# Avatars (adult imagery on avvies)



## Silver R. Wolfe (May 18, 2006)

An alteration to the avatar submission page telling users that mature images/nudity aren't allowed in avatars.  I just happened to see one while I was browsing the board.  I spazzed out and everything. 

As it is now, there are no guidelines listed for avatars.  I personally think that nudity shouldn't be allowed since there is a user base who is underaged on this site and it is impossible at this point to filter out or cancel avatars.

Thanks!


----------



## Vgm22 (May 18, 2006)

*RE: Avatars*



			
				silverwolfe said:
			
		

> An alteration to the avatar submission page telling users that mature images/nudity aren't allowed in avatars.  I just happened to see one while I was browsing the board.  I spazzed out and everything.
> 
> As it is now, there are no guidelines listed for avatars.  I personally think that nudity shouldn't be allowed since there is a user base who is underaged on this site and it is impossible at this point to filter out or cancel avatars.
> 
> Thanks!



Well Then SW. Report it, if you already haven't.


----------



## Dragoneer (May 18, 2006)

*RE: Avatars*



			
				silverwolfe said:
			
		

> An alteration to the avatar submission page telling users that mature images/nudity aren't allowed in avatars.  I just happened to see one while I was browsing the board.  I spazzed out and everything.
> 
> As it is now, there are no guidelines listed for avatars.  I personally think that nudity shouldn't be allowed since there is a user base who is underaged on this site and it is impossible at this point to filter out or cancel avatars.
> 
> Thanks!


Adult avatars will blown into particle debris like a caterpillar in an atom smasher.
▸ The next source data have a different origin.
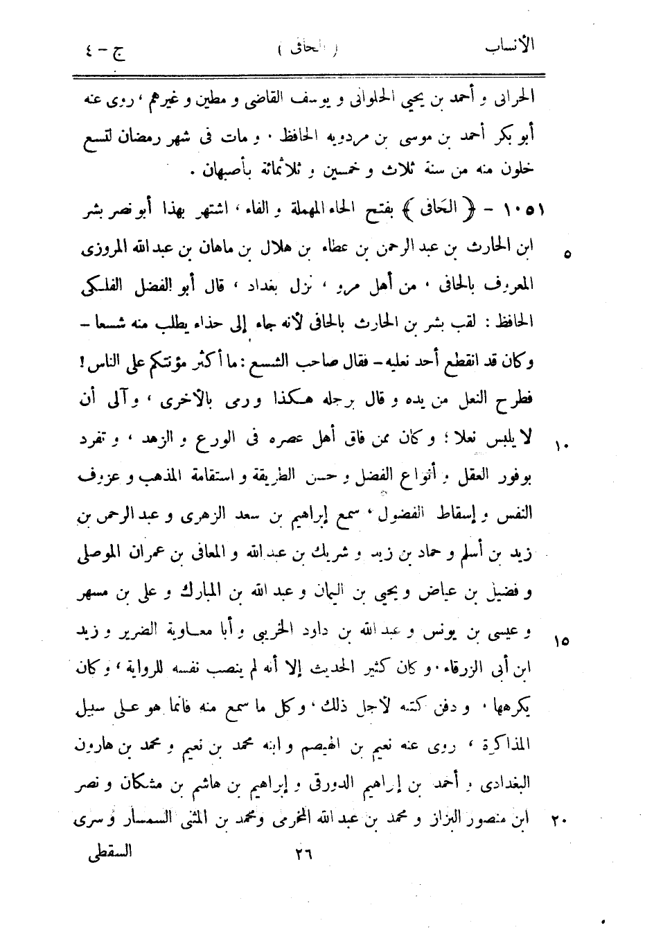 بفتح الحاء المهملة والفاء، اشتهر بهذا أبو نصر بشر ابن الحارث بن عبد الرحمن بن عطاء بن هلال بن ماهان بن عبد الله المروزي المعروف بالحافي، من أهل مرو، نزل بغداد، قال أبو الفضل الفلكي الحافظ: لقب بشر بن الحارث بالحافي لأنه جاء إلى حذاء يطلب منه شسعا- وكان قد انقطع أحد نعليه- فقال صاحب الشسع: ما أكثر مؤنتكم على الناس! فطرح النعل من يده وقال برجله هكذا ورمى بالأخرى، وآلى أن لا يلبس نعلا، وكان ممن فاق أهل عصره في الورع والزهد، وتفرد بوفور العقل وأنواع الفضل وحسن الطريقة واستقامة المذهب وعزوف النفس وإسقاط الفضول، سمع إبراهيم بن سعد الزهري وعبد الرحمن بن زيد بن أسلم وحماد بن زيد وشريك بن عبد الله والمعافى بن عمران الموصلي وفضيل بن عياض ويحيى بن اليمان وعبد الله بن المبارك وعلى بن مسهر وعيسى بن يونس وعبد الله بن داود الخريبى وأبا معاوية الضرير وزيد ابن أبى الزرقاء، وكان كثير الحديث إلا أنه لم ينصب نفسه للرواية، وكان يكرهها، ودفن كتبه لأجل ذلك، وكل ما سمع منه فإنما هو على سبيل المذاكرة، روى عنه نعيم بن الهيصم وابنه محمد بن نعيم ومحمد بن هارون البغدادي وأحمد بن إبراهيم الدورقي وإبراهيم بن هاشم بن مشكان ونصر ابن منصور البزاز ومحمد بن عبد الله المخرمي ومحمد بن المثنى السمسار وسرى
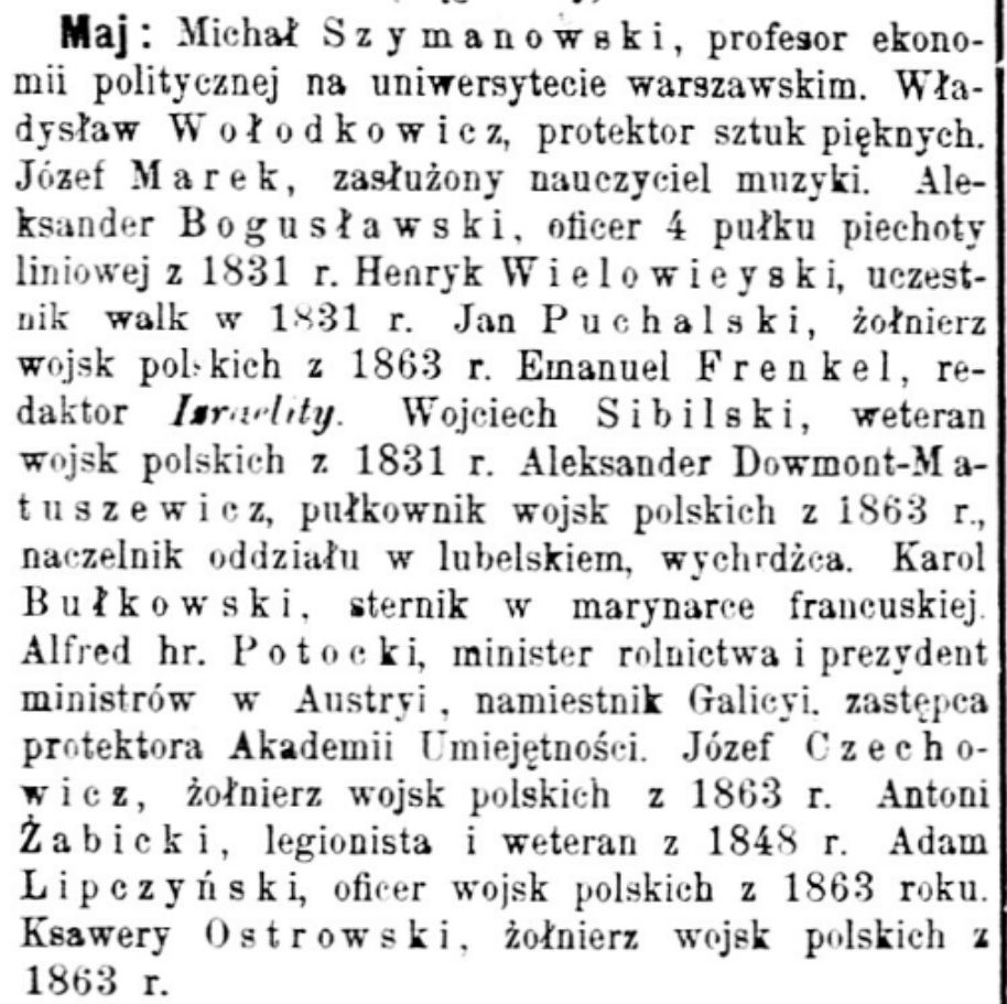 Michał Szymanowski Władysław Wołodkowicz Józef Marek Aleksander Bogusławski - powstaniec 1831 Henryk Wielowiejski - powstaniec 1831 Jan Puchalski - powstaniec 1863 Emanuel Frenkel Wojciech Sibilski - powstaniec 1831 Aleksander Dowmont-Matuszewicz - pułkownik wojsk polskich w 1863, naczelnik oddziału w lubelskim, emigrant Karol Bułkowski Alfred Potocki Józef Czechowicz - żołnierz wojsk polskich w 1863 Antoni Żabicki, legionisty, weteran 1848 Adam Lipczyński - powstaniec 1863 Ksawery Ostrowski - powstaniec 1863
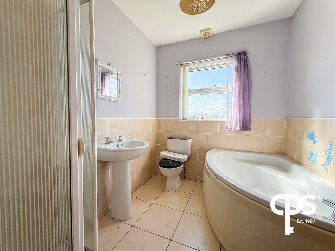 Fully tiled family bathroom comprising WC, wash hand basin, corner bath, and separate power shower.
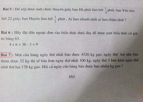 Cụ thể có hai vế khiến người xem không ngừng đặt câu hỏi: “Ngày thứ ba bán kém ngày thứ nhất thứ hai 178 kg gạo” và “Hỏi cả ngày cửa hàng bán được bao nhiêu kg gạo” là hỏi riêng ngày thứ 3 hay là cả ba ngày?
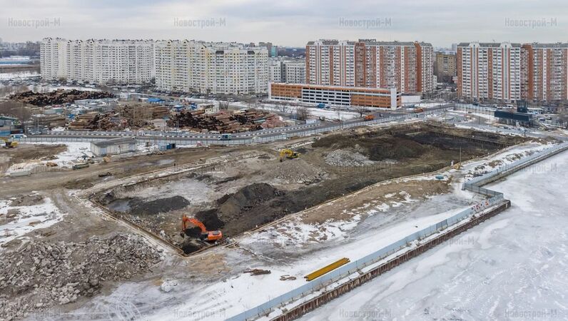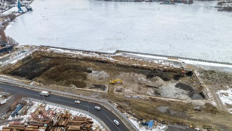 Мы посетили стройплощадку ЖК Portland в конце января 2023 года, когда велись работы на котловане.
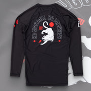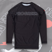 The Panther Rash Guard features one of Progress Jiu Jitsu's most popular designs. Fully sublimated panther graphic and branding throughout, including unique "Progress" text extending off the front panel. Made with a classic poly/Spandex blend and a snug compression fit.
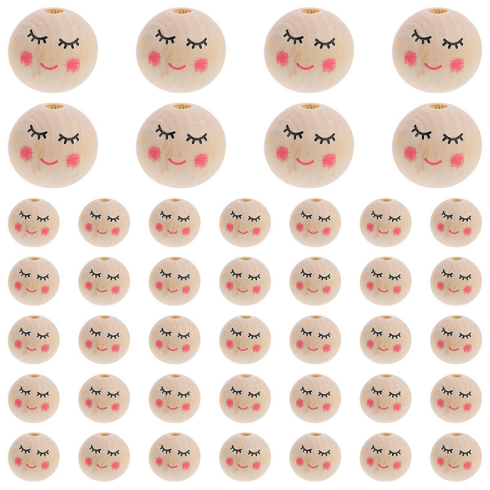 50Pcs Face Pattern Loose Beads Multi-purpose DIY Wood Beads Craft Making Beads Wood Beads
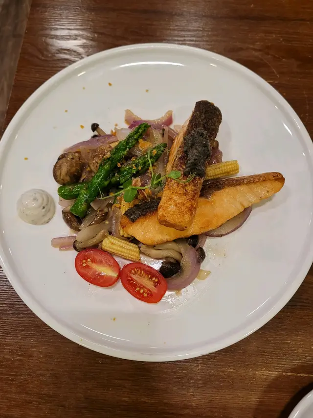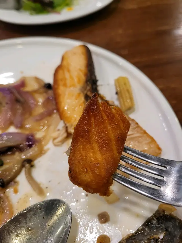 兩塊三文魚柳,煎得金黃,魚皮香脆

Forums are mandatory "worksafe".


----------



## Brooklyn (May 18, 2006)

*RE:  Avatars*



			
				Dragoneer said:
			
		

> Forums are mandatory "worksafe".



Except for the textual content of the posts.   (Purely F-bombing a post is bad sure, but not illegal)


----------



## Silver R. Wolfe (May 18, 2006)

*RE:  Avatars*



			
				Dragoneer said:
			
		

> silverwolfe said:
> 
> 
> 
> ...



I actually was referring to the FA site, sorry for being misleading. ^-^;

Edit:  The avatar I found was the user Zabeth's.


----------



## Diamond (May 21, 2006)

http://furaffinity.net/user/moonbeamcat/


----------



## Dragoneer (May 21, 2006)

*RE:   Avatars*



			
				Brooklyn said:
			
		

> Dragoneer said:
> 
> 
> 
> ...


Eh, I don't think F-bombs constitute "worksafe". Bosses are more concerned with raging boners and milk-jetting boobies going across their users' screens.


----------



## owenm (May 23, 2006)

I love boobies. But I think a G-rated limit on FA site avatars is a good idea. On the other hand, your avatar is a good indication to others what your artwork is like, and whether or not you post nudity and/or porn.
Maybe a simple one- or two-letter code (G, M, A, etc.) could be added to the end of usernames as they appear in those popup thumbnails when you hover your mouse over a picture? Or something similar.


----------



## Silver R. Wolfe (May 24, 2006)

owenm said:
			
		

> I love boobies. But I think a G-rated limit on FA site avatars is a good idea. On the other hand, your avatar is a good indication to others what your artwork is like, and whether or not you post nudity and/or porn.
> Maybe a simple one- or two-letter code (G, M, A, etc.) could be added to the end of usernames as they appear in those popup thumbnails when you hover your mouse over a picture? Or something similar.



You can always sample your work to show off your skill and if people like it, more than likely they'll visit your page where they will actually get to see your work.

I don't think it should be G-rated, but I definitely think that anything shouldn't go above PG, since the age of admission for FA is legally 13.


----------



## Popabear (May 24, 2006)

I never thinked of it that way... hmmm. once I get home, I'm gona change or censure my sigpic ^_^


----------



## Rouge2 (May 28, 2006)

I agree with it, Kids could be looking at FurAffinity and see those Adult Avatars and then the parents see it and makes them get off.


----------



## Dragoneer (May 28, 2006)

Rouge2 said:
			
		

> I agree with it, Kids could be looking at FurAffinity and see those Adult Avatars and then the parents see it and makes them get off.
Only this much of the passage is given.